The cast includes Olivia Newton-John, Margaret Cho, Bronson Pinchot, Devon Gummersall, George Segal, Lee Grant, Marlee Matlin, Roddy McDowall, Steve Antin, Bruce Davison, Sally Kellerman, Lou Liberatore, Nina Foch, Eric Roberts as Nick Stark and Gregory Harrison as Brandon, Stark's estranged lover who returns to attend the party and say goodbye. Kleiser directed Newton-John in Grease almost 20 years earlier.

==Plot==
It's My Party chronicles a two-day party hosted by Nick Stark, a gay architect who, having been diagnosed with progressive multifocal leukoencephalopathy, will fall into a state of mental lapse lasting for months until his death. He decides to host a party for his family and friends, at the end of which he will commit suicide by taking Seconal.

"You won't leave me, will you?" Nick asks his estranged lover, Brandon Theis, a B movie director, shortly after revealing to him the results of his last blood test for HIV. "I don't want to die alone." In spite of Brandon's protestations, the two soon find the love they had shared for many years in ruins. One year after their breakup, Nick is confronted with a ravaged immune system and a CT Scan and lab values which, along with his worsening forgetfulness, clinches the diagnosis of Progressive multifocal leukoencephalopathy (PML) -- a condition he has seen claim his friends and one which he vows will not take him. Due to the aggressive nature of the disease, he has only a few days of conscious life remaining. His plan, he announces to family and "extended family," is to voluntarily end his life himself before the disease renders him unrecognizable to those he loves and he, in turn, is unable to recognize them. Uninvited to the farewell party, Brandon's presence is greeted with jeers from those who see him as having abandoned Nick in his time of greatest need.

==Cast==
- Eric Roberts as Nick Stark
- Margaret Cho as Charlene Lee
- Lee Grant as Amalia Stark
- Bruce Davison as Rodney Bingham
- Olivia Newton-John as Lina Bingham
- Devon Gummersall as Andrew Bingham
- George Segal as Paul Stark
- Marlee Matlin as Daphne Stark
- Gregory Harrison as Brandon Theis
- Bronson Pinchot as Monty Tipton
- Roddy McDowall as Damian Knowles
- Steve Antin as Zack Phillips
- Sally Kellerman as Sara Hart
- Lou Liberatore as Joel Ferris
- Nina Foch as Mrs. Theis
- Christopher Atkins as Jack Allen
- Dennis Christopher as Douglas Reedy
- Ron Glass as Dr. David Wahl
- Paul Regina as Tony Zamara
- Dimitra Arliss as Fanny Kondons
- Joey Cramer (uncredited) as Party guest
- Cassandra Peterson (uncredited) as Party guest

==Background==
Director Randal Kleiser recalls the movie was made in 1995, and at the time, Disney wanted him for Honey, I Blew Up the Kid, and he told them he would do it if they let me do an adult film next, and they went for it.

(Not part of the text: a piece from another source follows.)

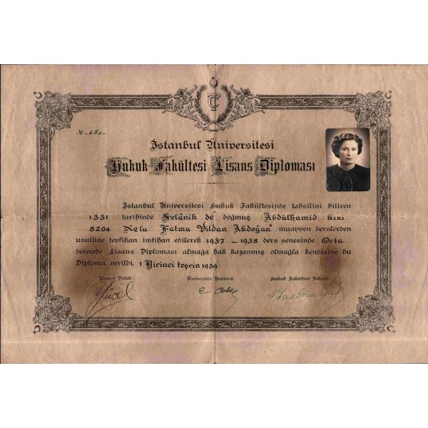 Hasan Ali Yücel´in (1897 - 1961) Maarif Vekili, Cemil Bilsel´in (1879 - 1949) Üniversite Rektörü, Ali Fuad Başgil´in (1893 - 1967) de Hukuk Fakültesi Dekanı olarak imzaladığı, Fatma Vildan Akdoğan´a ait, 1939 tarihli, Hukuk Fakültesi Lisans diploması…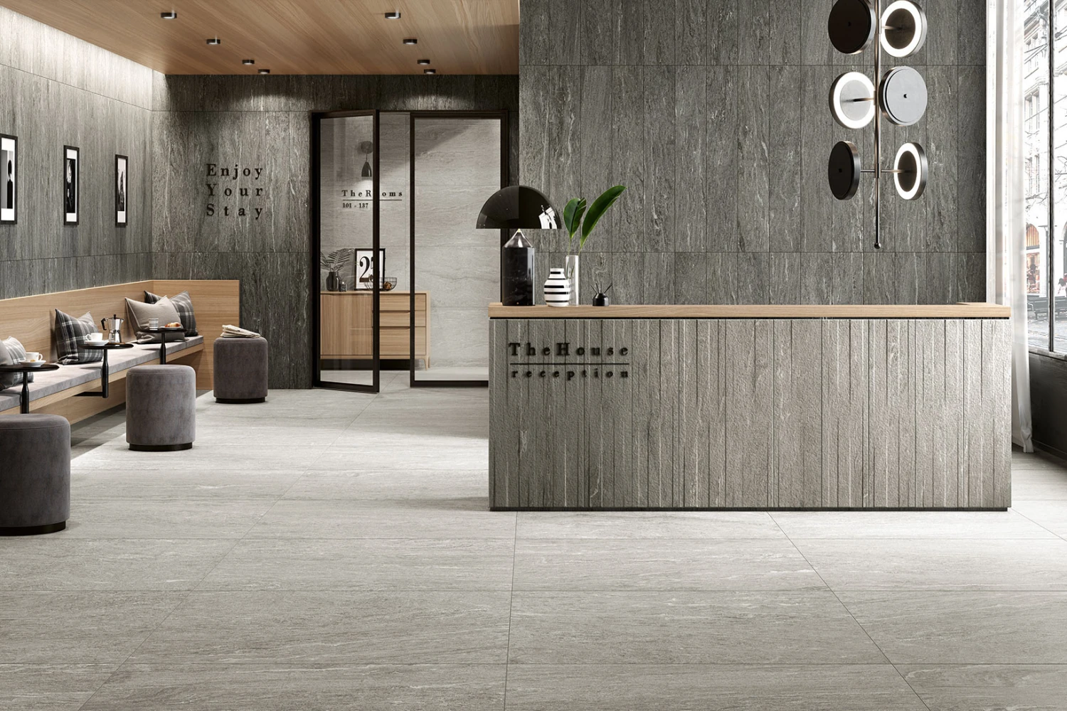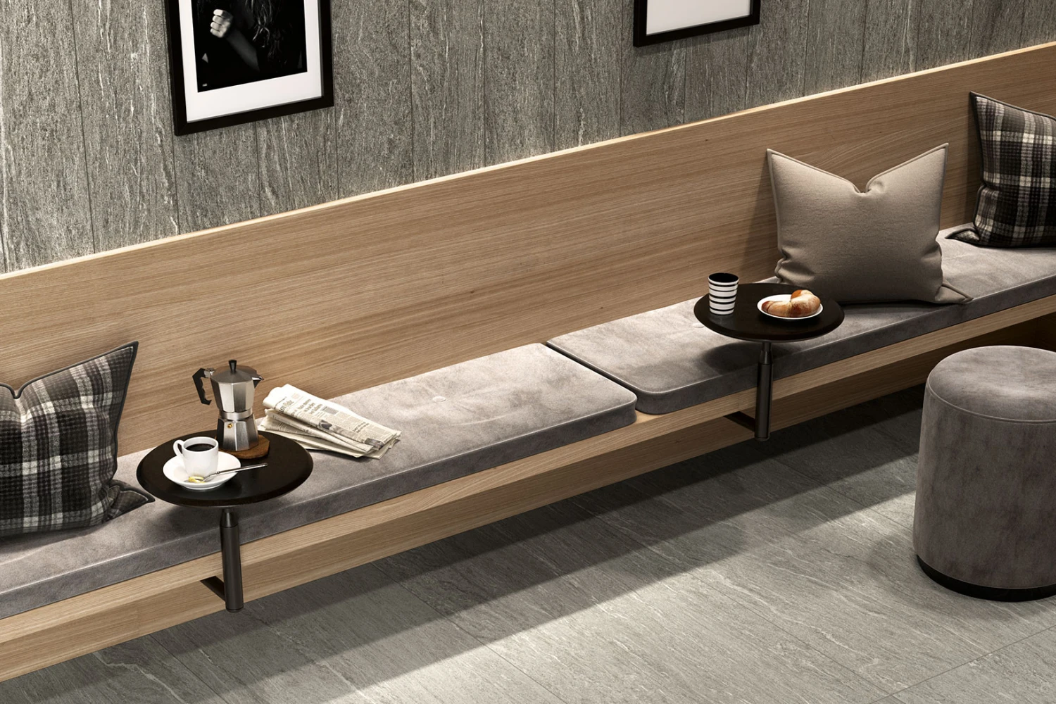 Cette collection s’inspire du projet des Termes de Vals de Peter Zumthor qui suit la logique du « less is more » et qui rend la pierre protagoniste dans son matiérisme. Elle interprète la texture graphique particulière de cette pierre et la rend utilisable pour ceux qui souhaitent s’entourer d’une beauté naturelle tout en recherchant aussi une matière céramique résistante et fonctionnelle, au graphisme d’impact et de caractère. Disponible dans des formats variés pour de multiples solutions de pose, elle est adaptée aussi bien à des espaces intérieurs qu’extérieurs.

But when he presented the project to them, "they hemmed and hawed." So after trying to get the movie made elsewhere, Kleiser finally went to see John Calley at United Artists, and after showing him photos from the actual party, he agreed to do it.

==Release==
It's My Party opened in 28 theaters on March 22, 1996, with $148,532. The film would eventually gross $622,503 domestically.

==Home media==
A DVD with several special features was released in 2003. It contains deleted and extended scenes, featurettes on the making of the film and audio commentary by the director and some of the actors.

==Reception==
On Rotten Tomatoes, the film has an approval rating of 53% based on 15 reviews, with an average rating of 5.7/10.

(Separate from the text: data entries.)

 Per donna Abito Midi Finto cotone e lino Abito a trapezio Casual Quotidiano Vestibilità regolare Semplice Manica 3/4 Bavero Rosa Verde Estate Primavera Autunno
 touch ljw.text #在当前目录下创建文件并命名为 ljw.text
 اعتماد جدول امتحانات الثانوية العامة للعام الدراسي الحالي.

Film critic Roger Ebert wrote in his review that "by the end of the film, in a quiet, understated way, director Randal Kleiser has created a genuine family feeling." He further noted that "the story is not so concerned with his disease or his decision as with recording the emotional tones that surround it." Critic Stephen Holden felt like the film "belongs to a genre that might be described as unsympathetic tear-jerking, since neither Nick nor Brandon is especially likable." In his view, he says "if this couple is intended to represent upscale gay life in Los Angeles at its noblest, that life seems shallow, cold-hearted and grossly materialistic."

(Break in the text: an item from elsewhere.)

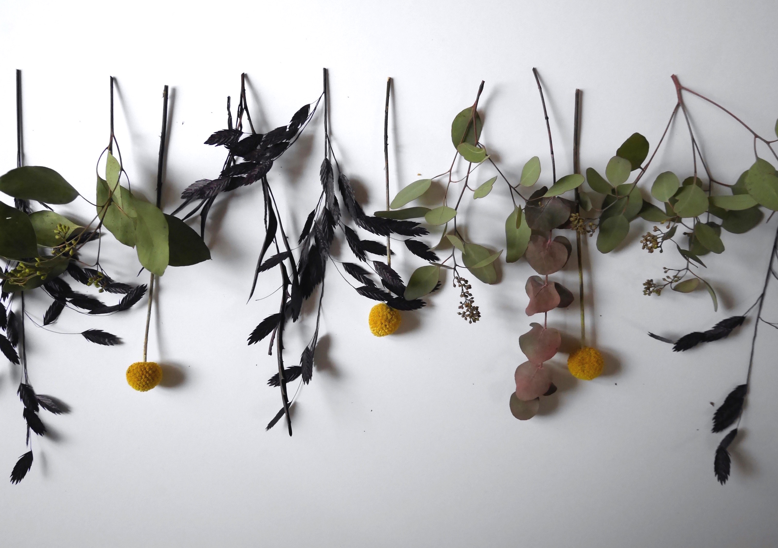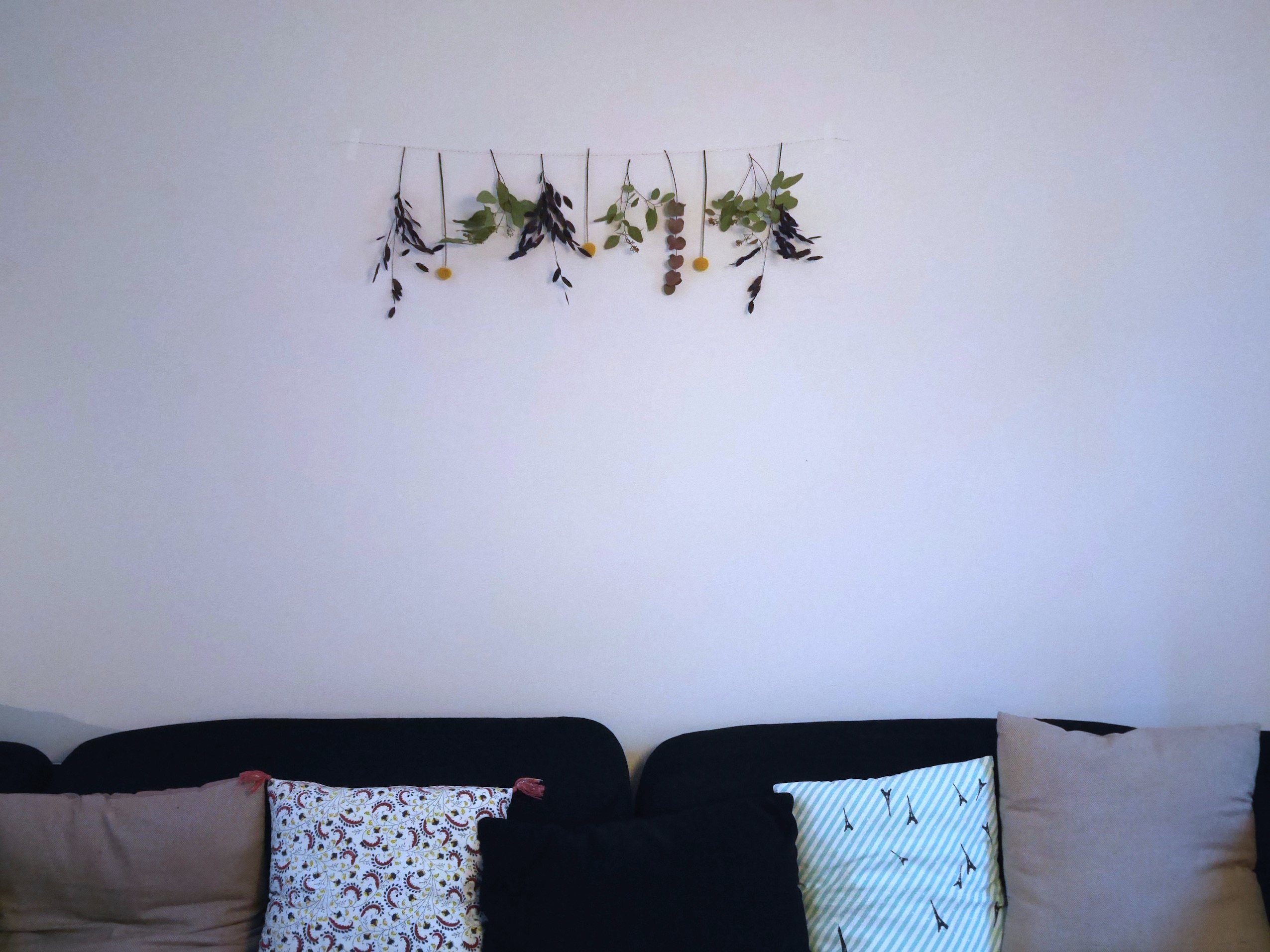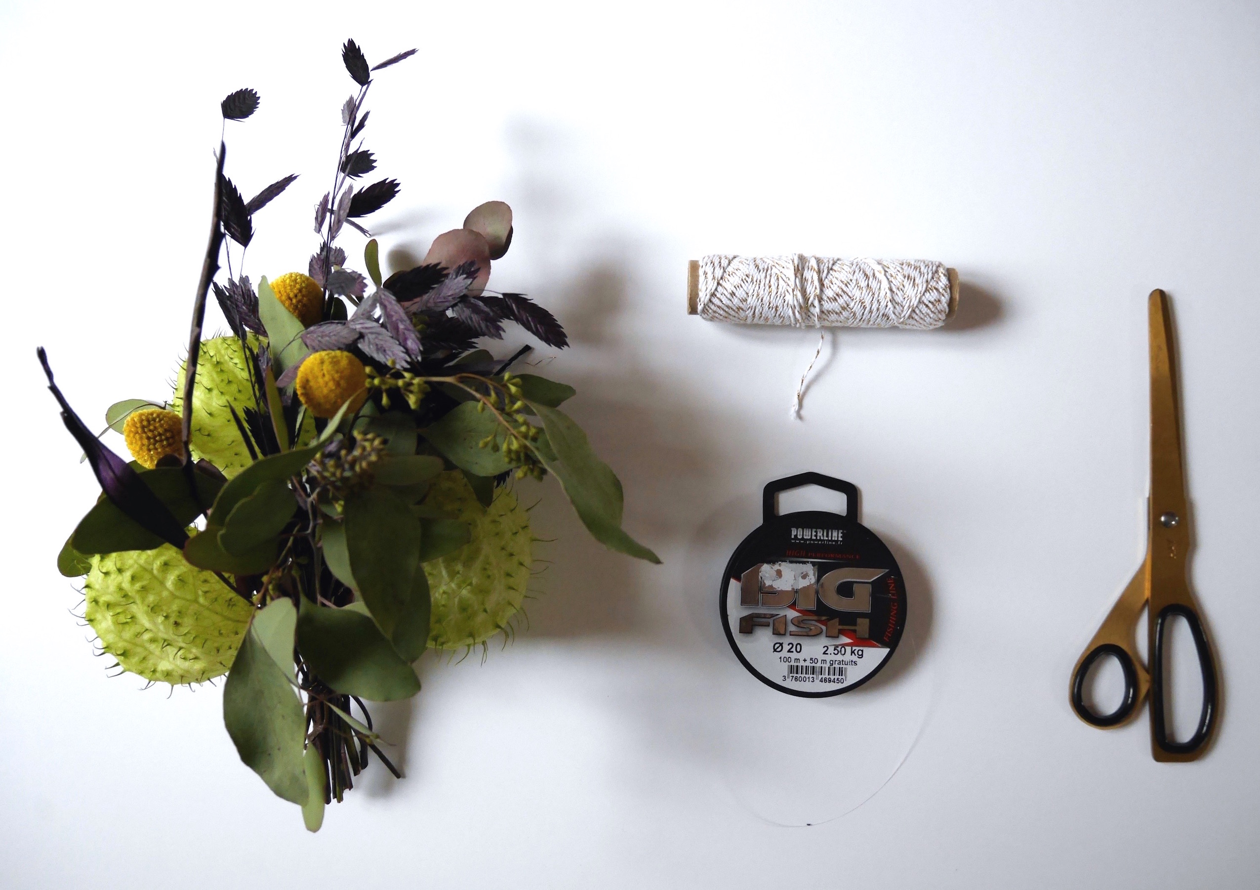 L’idée est de donner une seconde vie à un bouquet de fleurs en réalisant une guirlande de fleurs. Pour ma part j’achète depuis quelques temps essentiellement des fleurs qui peuvent se faire sécher et je les accroche un peu partout dans mon appartement. Hortensias, eucalyptus, craspedis (les jolies petites boules jaunes) et j’en passe!

Emanuel Levy stated that "Kleiser has managed to construct a tale that's emotionally uplifting and, in moments, inspiring, without being overly sentimental." Overall, he concludes that "ultimately this movie of moments suffers from too much colorful periphery and not enough center." Time Out observed that "despite the occasional longueur, all this is quietly engaging; still, for a weepie, let alone one about AIDS, it's peculiarly upbeat." In his review for Deseret News, Chris Hick opined that the movie "is one of those noble low-budget efforts that probably had no trouble attracting an all-star cast for its ensemble ... the result is a glossy, superficial effort, laced with stilted dialogue and never quite able to deliver the emotional charge it promises."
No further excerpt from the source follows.